Data Lineage + Forensics

 

Data forensics, also know as computer forensics, refers to the study or investigation of digital data and how it is created and used. Digital forensics often entails investigation by extracting, identifying and validating digital information for the purpose of reconstructing past events. Data forensics is a broad term, as data forensics encompasses identifying, preserving, recovering, analyzing, and presenting attributes of digital information.

Data lineage is generally defined as a kind of data life cycle that includes the data's origins and where it moves over time. This term can also describe what happens to data as it goes through diverse processes. Data lineage can help with efforts to analyze how information is used and to track key bits of information that serve a particular purpose.

 



What Problem Does This Solve?
Data forensics, often used interchangeably with digital forensics, is essentially the study of digital data and how it is created and used for the purpose of an investigation. Data forensics is part of the greater discipline of forensics, in which various types of evidence are studied to investigate an alleged crime, to determine intent, identify sources (for example, in copyright cases), or authenticate documents.. often involving complex time-lines or hypotheses.

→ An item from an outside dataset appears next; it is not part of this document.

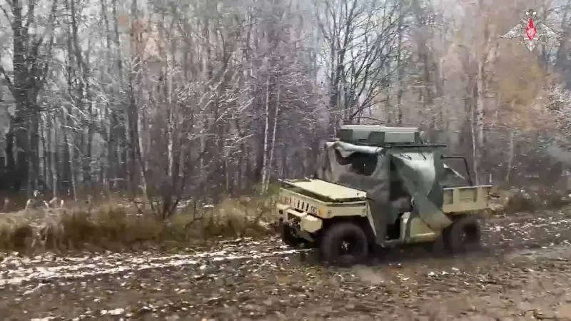 Багги на маршруте. На крыше машины заметна станция РЭБ. Фото Минобороны РФ

Digital forensics is the process of uncovering and interpreting electronic data. The goal of the process is to preserve any evidence in its most original form while performing a structured investigation by collecting, identifying and validating the digital information for the purpose of reconstructing past events.

Data forensics can involve many different tasks, including data recovery or data tracking and extraction of Personally Identifying Information (PII). Data forensics might focus on recovering information on the use of a mobile device, computer or other device. It might cover the tracking of phone calls, texts or emails through a network. Digital forensics investigators may also use various methodologies to pursue data forensics, such as decryption, advanced system searches, reverse engineering, or other high-level data analyses.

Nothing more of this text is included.